Integration of a skier-specific keypoint detection model in a hybrid 3D motion capture pipeline
Abstract
Introduction & Purpose
Alpine skiing, like many outdoor sports, presents significant challenges for motion capture due to its large capture volumes, high athlete speeds, variable environmental conditions, and occlusions, e.g., due to snow spray. While traditional marker-based motion capture systems offer highest precision in the lab, they are usually unsuitable for outdoor settings. Sensor-based methods, such as inertial measurement units, however, may suffer from inaccuracies due to sensor noise and drift, while they only provide relative segment positions (Fasel et al., 2018). Therefore, recent studies in alpine skiing preferably used video-based systems (Heinrich et al., 2023; Spörri, 2016). These methods rely on multi-camera setups that require synchronization and camera calibration. However, the extensive manual digitization required for both keypoints and reference points introduces a substantial workload in post-processing, particularly when cameras must pan, tilt, and zoom to cover large capture volumes (Spörri, 2016).
Recent advancements in computer vision have unveiled great potential for human motion capture, especially in automating much of the manual work required for video-based systems (Fang et al., 2017; Redmon et al., 2016; Zwölfer et al., 2023a). We therefore developed a novel, hybrid 3D motion capture approach that automates the detection of reference points using a reference point detection algorithm and the digitization of keypoints using a skier-specific keypoint detection algorithm. This reduces the reliance on manual digitization and enhances the scalability and practicality of large-scale motion capture in outdoor environments. The aim of this study was to a) evaluate the performance of the skier-specific keypoint detection against manual digitization and b) determine the impact of the skier-specific keypoint detection on the overall performance of the hybrid 3D motion capture pipeline.
Methods
The experimental setup involved a multi-camera system comprising eight Sony AX53 cameras uniformly distributed around a capture volume on a ski slope in Zürs am Arlberg, AT. The capture volume measured approximately 250 x 80 x 20 meters. To calibrate the cameras, approximately 300 reference points were placed within this area and surveyed geodetically. Each reference point was equipped with a 9 x 9 cm cube that displayed Aruco markers on all sides, enabling their automated detection by our reference point detection algorithm. This arrangement allowed for continuous calibration of each camera in every frame, accommodating for panning, tilting, and zooming. Camera calibration and 3D reconstruction were performed using the Direct Linear Transformation (DLT) method (Abdel-Aziz & Karara, 1971). In total, ten state-certified Austrian ski instructors performed eight runs according to the progression levels of the Austrian ski curriculum (Österreichischer Skischulverband, 2018).

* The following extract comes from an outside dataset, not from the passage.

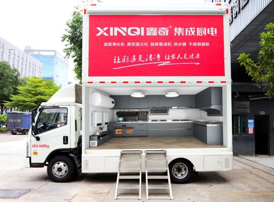 “省氣30%的高效猛火灶來了,能實現99%油煙分離率的油煙凈化機來了,省空間、更實用的廚房集成機來了,高端耐用的不銹鋼櫥柜來了,鑫奇移動廚房體驗車,帶著超國標專利集成廚電開啟‘工廠進小區惠民行動’啦”。

To develop a keypoint detection model, capable of detecting a skier, including equipment, e.g., skis and poles, we finetuned AlphaPose’s HALPE26 model (Fang et al., 2017), which was designed to estimate 26 body keypoints for general motions, on a skier-specific dataset. Training was done for 200 epochs with a learning rate of 10-3 and data augmentation enabled. AlphaPose was chosen for its proven performance in alpine skiing scenarios (Zwölfer et al., 2023a). For the skier-specific dataset, we manually digitized six runs, marking 24 keypoint, including 18 body keypoints, ski tips, ski tails, and poles, in each image. The six runs were selected to include slow, medium and high-speed skiing of one male and one female subject. These digitized images complement the datasets built by Bachmann et al. (2019) and later by Zwölfer et al. (2023b) and Heinrich et al. (2023), all using the same set of keypoints. In total, our comprehensive skier-specific dataset comprised about 15,000 images, with approximately two-thirds of all images originating from the current measurement.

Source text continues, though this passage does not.